Новые записки санитара морга | Страница: 45

  • Georgia
  • Verdana
  • Tahoma
  • Symbol
  • Arial
16
px

— Итс мирикал, — произнес я осипшим от волнения голосом.

— Конечно, чудо, — согласно кивнул Тимур. — Мы в чудесном месте. Поэтому здесь происходят чудеса. Те, кто построил это, они помогают, — убежденно сказал он. И оглянулся, будто в надежде увидеть призраки первых христиан, незримо замершие возле нас.
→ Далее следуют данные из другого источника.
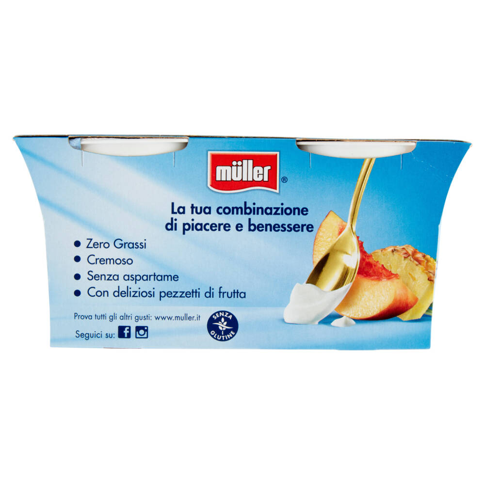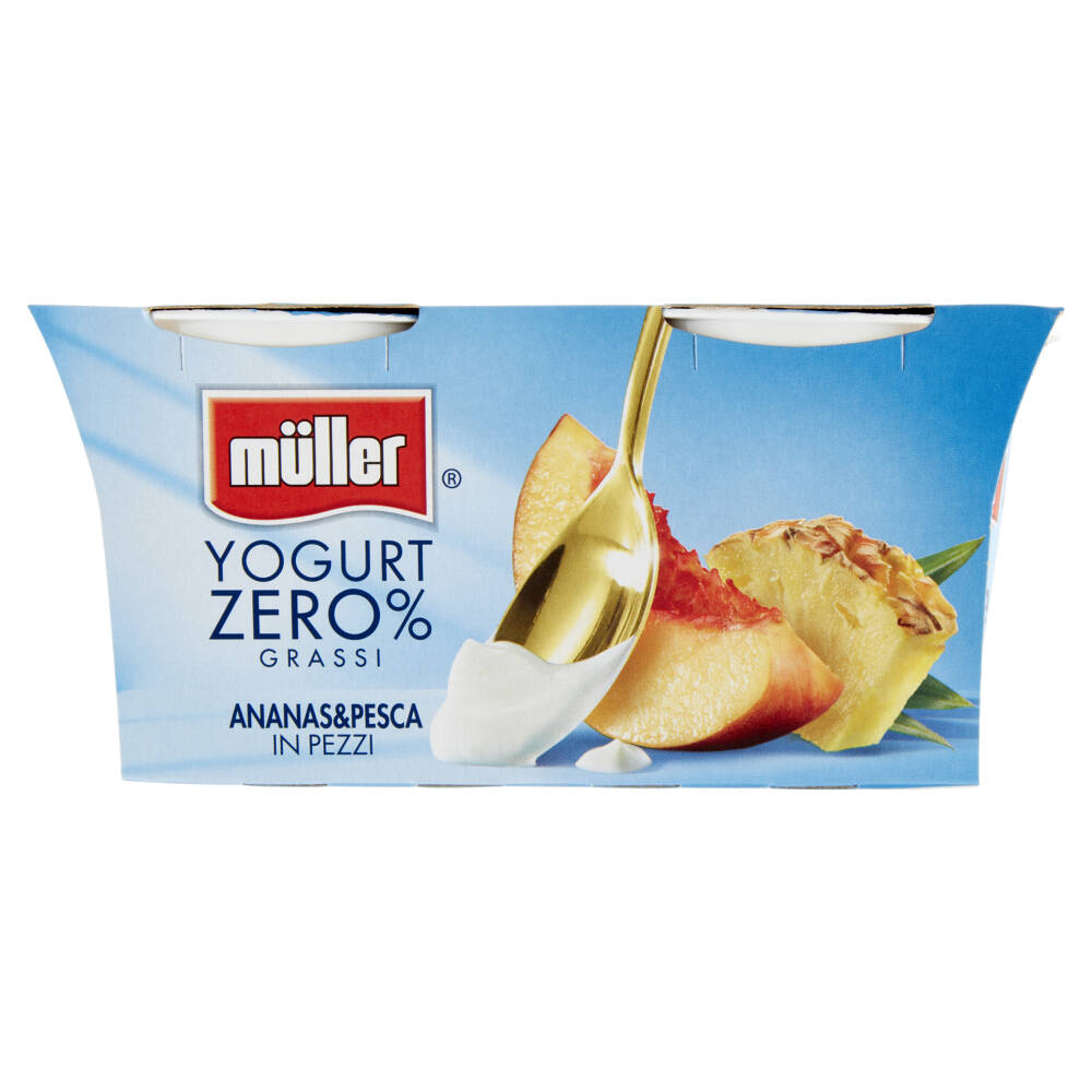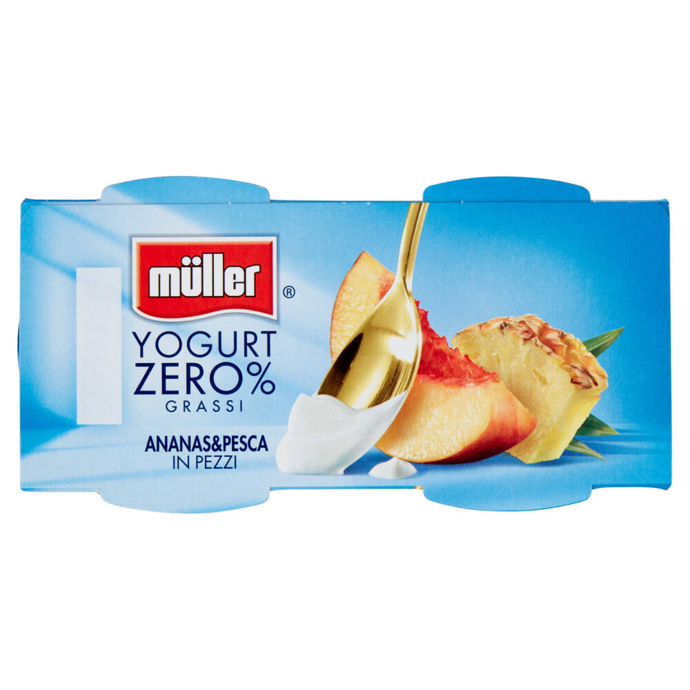 Yogurt magro Preparazione alla pesca e ananas (acqua, 25% pesca, zucchero, 20% ananas, amidi, succo di limone da concentrato, addensanti pectine, aroma (contiene latte)) Zucchero Destrosio Aroma naturale Senza glutine

Ничего не ответив на его слова, я просто стоял перед этим невероятным событием, впитывая каждое его мгновение. И если в первую минуту еще допускал, что свеча вот-вот потухнет, то после уже точно знал — она будет гореть так же, как в храме перед иконой. Ведь я и был в храме, всего в каких-то паре метров от алтаря. И резвый весенний стамбульский ветер ничего не мог с этим поделать.

Где-то минут пятнадцать спустя, когда свеча уже изрядно прогорела, мы поднялись на верхний ярус.

Подойдя к краю, я с замиранием смотрел сверху вниз на небольшой огонек, бьющийся у выдолбленного в стене креста. Усевшись на самый край ничем не огороженного провала, идущего вниз до первого яруса, свесил вниз ноги, не в силах оторвать глаз от моего чуда. И был настолько поглощен своими переживаниями, что думать толком не получалось. Обрывки мыслей тонули в блаженном восторге, который дарила мне свеча, горящая вопреки всем законам физики. Было такое ощущение, что Господь привел меня сюда, чтобы лично вручить от себя открытку. Ни о чем подобном я не мог даже и мечтать. И от того зрелище было вдвойне упоительным.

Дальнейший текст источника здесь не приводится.